In May 2006, when Schram took over at Deluxe, he liked a lot of what he saw, particularly the ongoing collaborative work. But he also saw some problems. “The business felt very siloed,” Schram recalls. “We have three go-to-market segments that we operate in: Small Business Services, Financial Services, and Direct Checks. Those businesses were self contained and really weren’t sharing or leveraging products or services or even best practices across the segments.” Even the information technology, human resources, and finance components were separated across the three divisions.
One of Schram’s first moves was to merge the management teams overseeing Financial Services and Small Business Services. He also reduced infrastructure costs, merging manufacturing and fulfillment with procurement. A production facility that had been dedicated to printing checks could now print both checks and, say, holiday cards.
“Think about what that has done for an employee who used to print just checks,” Peterson says. “They know checks are declining a little bit every year. It gives them a different look at the future and they are gaining skill sets that have to do with products that have different outlooks.”

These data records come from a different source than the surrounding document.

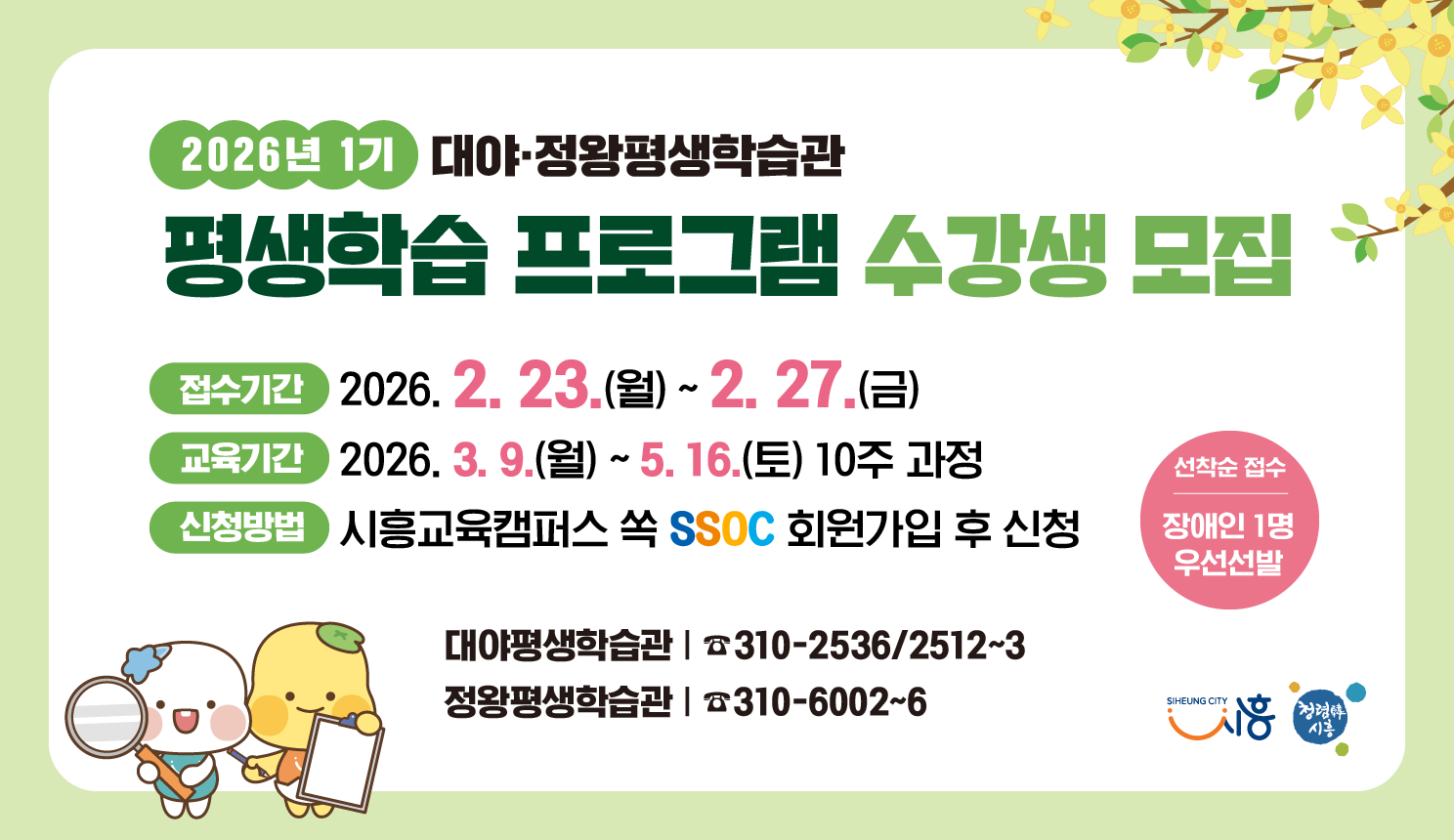 ▣ 2026년 대야·정왕평생학습관 1기 정규과정 평생학습 프로그램 수강생 모집 안내
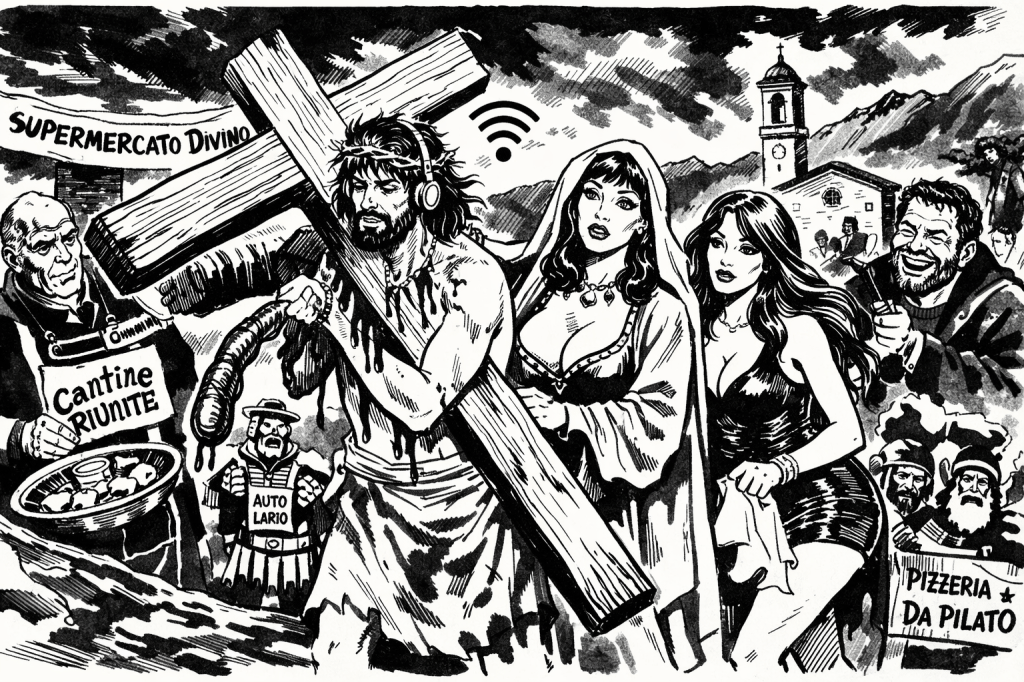 La processione commemorativa della Passione coinvolgeva figuranti, amici, parenti, curiosi e turisti. Grande tradizione in vigore da quattro secoli. Adattata eh. Ormai anche il Cireneo fustigava secondo le indicazioni dell’intelligenza artificiale. I legionari replicavano la truculenza spaccando le schiene con lunghe salamelle di capra. Il Cristo sanguinava col ketchup, attaccato al wi-fi per sentire Richie Havens e motivarsi di brutto. E la Madonna? Oh la madonna! Siliconata e gonfia alla bisogna, ma meno erotica della Maddalena che con sguardo languido sventolava la mini.
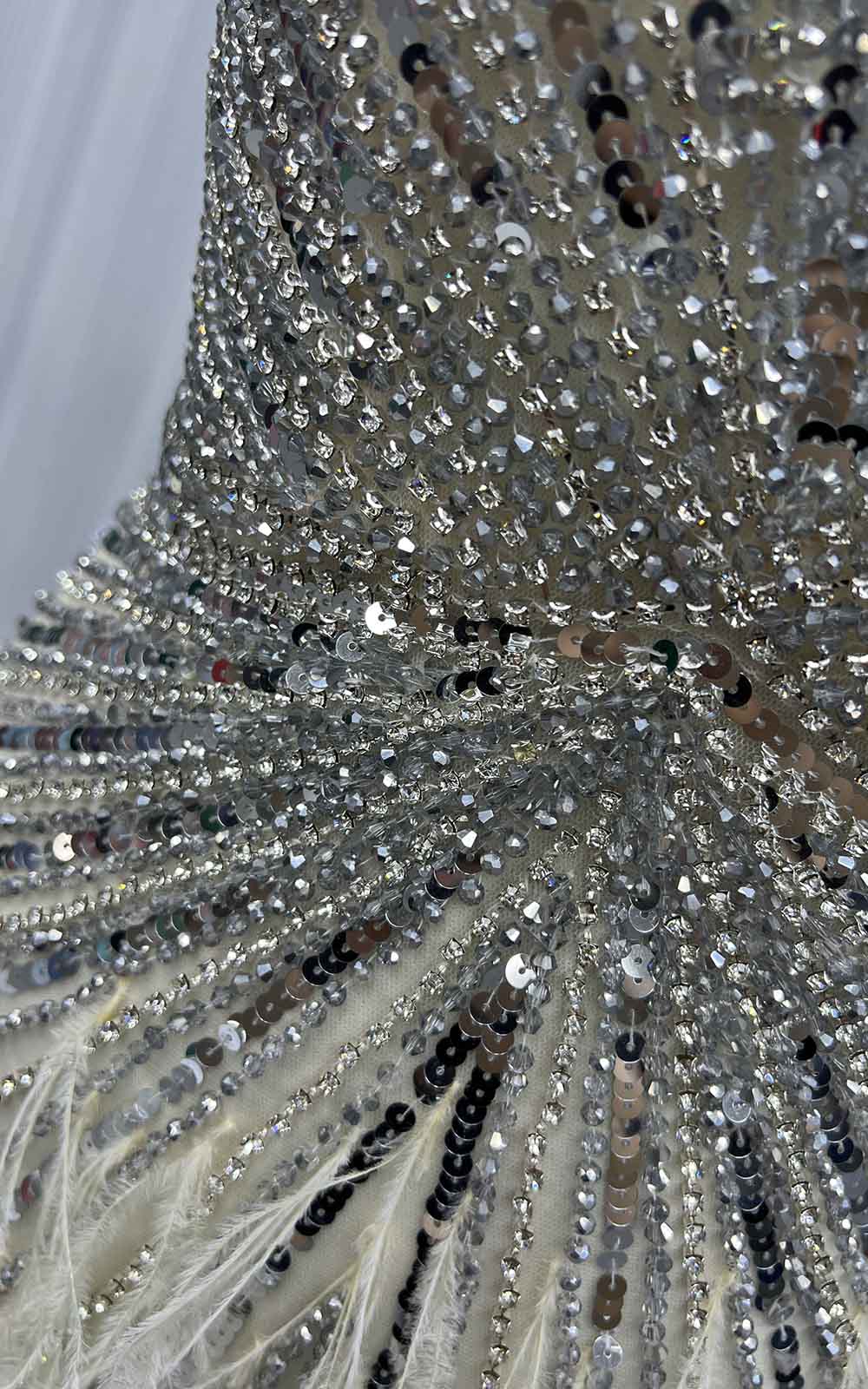 YQLNNE 0129 Silver Feathers Short Evening Dress Crystals Beaded Party Gown
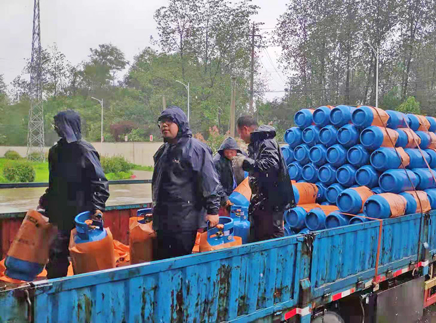 7月26日一大早,兩輛大卡車滿載著一千余只新鋼瓶,來到揚州中燃楊廟液化氣場站,全體工作人員與臺風搶時間,面對狂風、暴雨,把充裝臺場地清理出來擺放運達的一千余只新鋼瓶。同時,爭分奪秒灌裝、搶運鋼瓶保證配送,保障揚州市民穩定用氣,讓揚州中燃液化氣鋼瓶走進千家萬戶,送去更方便、更快捷的服務。
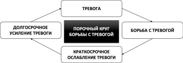 Таким образом, осознанное или неосознанное отрицание, подавление или избегание тревоги приводят к мимолётному и временному облегчению, однако в долгосрочной перспективе усиливают тревогу (см. рис. 18).
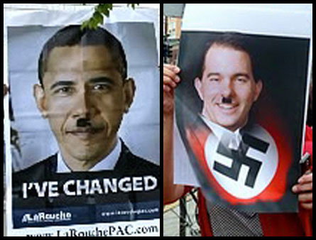 Last March, as thousands protested on Capitol Hill in the days before the passage of ObamaCare, CBS’s Nancy Cordes slammed it as “a weekend filled with incivility,” while World News anchor Diane Sawyer painted the Tea Party as a violent gang, with “protesters roaming Washington, some of them increasingly emotional, yelling slurs and epithets.” In August 2009, ABC anchor Charles Gibson complained how “protesters brought pictures of President Obama with a Hitler-style mustache to a town hall meeting,” failing to mention that the signs were produced by Lyndon LaRouche’s wacky fringe movement, not the Tea Party or conservatives.
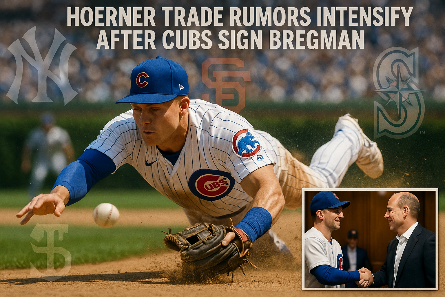 Dynamic photorealistic image of Cubs' Nico Hoerner making a diving play at second base, overlaid with logos of trade-interested teams Yankees, Giants, and Mariners, amid Bregman signing news.
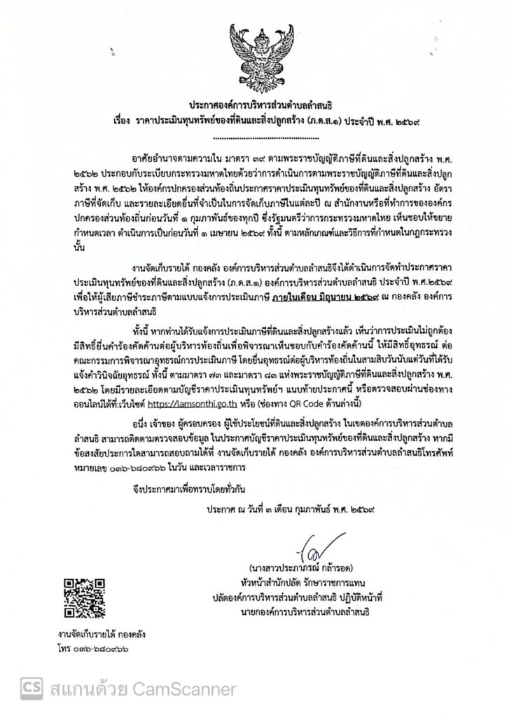 ประกาศองค์การบริหารส่วนตำบลลำสนธิ เรื่องราคาประเมินทุนทรัพย์ของที่ดินและสิ่งปลูกสร้าง(ภ.ด.ส.1) ประจำปี พ.ศ.2569 Published , 6 กุมภาพันธ์ 2569 | By อบต.ลำสนธิ จ.ลพบุรี ภดส.1-1ดาวน์โหลด Post Views: 3
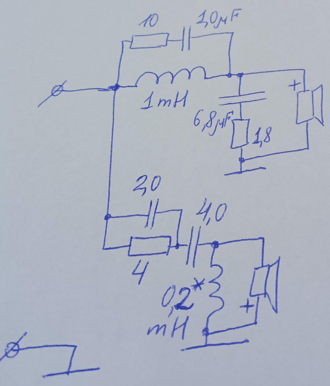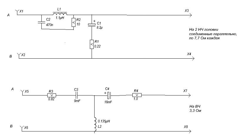 ВЧ подключил через 4 мкф и 2 Ом. Удалил нахрен цепь параллельно катушке мидбаса
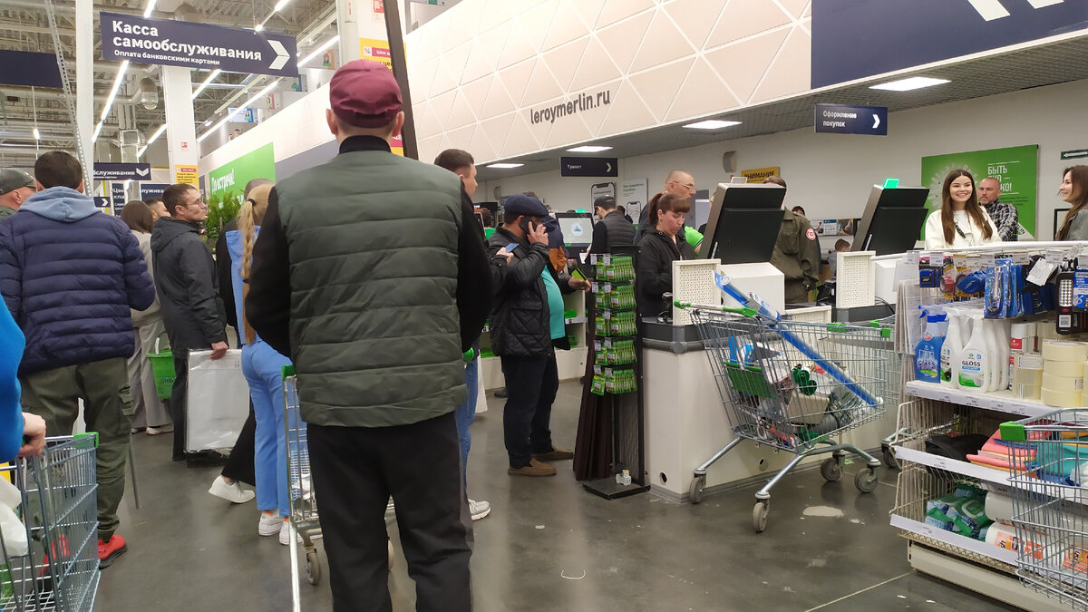 Поэтому я купила два 10-литровых пластиковых кашпо в сад (очень приличного тёмно-серого цвета), пакетик гвоздей, коробочку саморезов, ещё одни рабочие перчатки и жидкое удобрение для рассады в мелкой фасовке. Ну не уходить же с пустыми руками! А в Леруа было столпотворение. Ощущение, что пол-города пришло сюда праздновать Первомай. Только флагов не хватало). Эта движуха мне даже понравилась и я не бухтела по обыкновению себе под нос, что куча народу возле касс. Чтобы закрепить эффект п
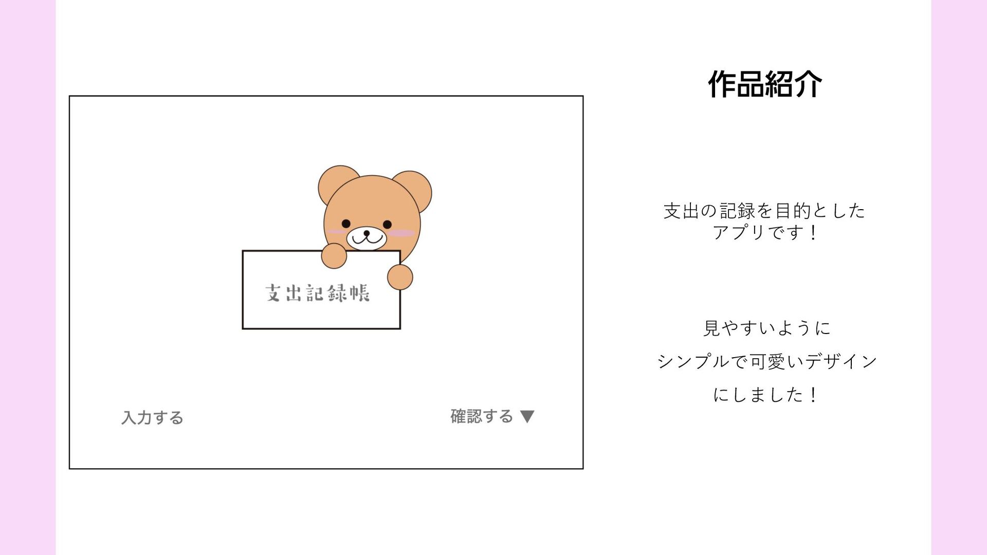 ࡞հ ⽀出の記録を⽬的とした アプリです! ⾒やすいように シンプルで可愛いデザイン にしました!
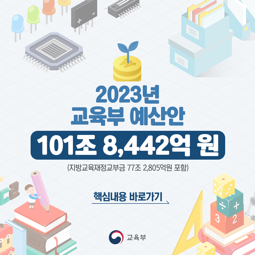 2023년 교육부 예산안 101조 8,442억 원핵심내용 바로가기!! 본문
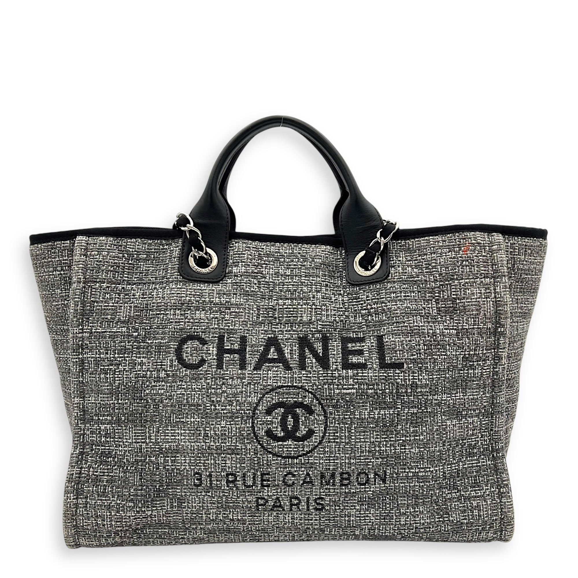 Deauville Tote Bag Grey in Tweed, Silver hardware

But that doesn’t mean that every employee had a future with Deluxe. To determine whether Deluxe’s newly merged infrastructure costs were competitive, Schram put them through a benchmarking process. Out of that came a plan to cut $150 million in costs over a two-and-a-half-year period, beginning in third quarter of 2006. That plan included layoffs: A net 551 positions, 69 of them in Minnesota, were eliminated between May 2006 and January 2007.
Still, the company projects that 116 new positions will be created this year, 80 percent of which will be Minnesota based.
Bigger for Small
Business
Deluxe’s Small Business Services unit works with roughly 6 million of the 26 million small businesses in the country. “We want to do three things with them,” Schram says. “First of all, we want to get those that buy something today to buy something more. If they buy a check or a form, we want them to also buy a holiday greeting card or a promotional product.” Second, Deluxe wants to tap into the 20 million small businesses that currently don’t buy any of its products or services. And third, it wants to develop both new products and services for these businesses.
In October, looking to expand its offerings, Deluxe purchased Rockford, Illinois–based Johnson Group, a custom Web-to-print company. “We believe this is a double-digit revenue-generating opportunity over the next several years,” Schram says. Before the Johnson acquisition, Deluxe had no in-house capabilities to produce high-end, full-color reports or brochures for banks of small businesses.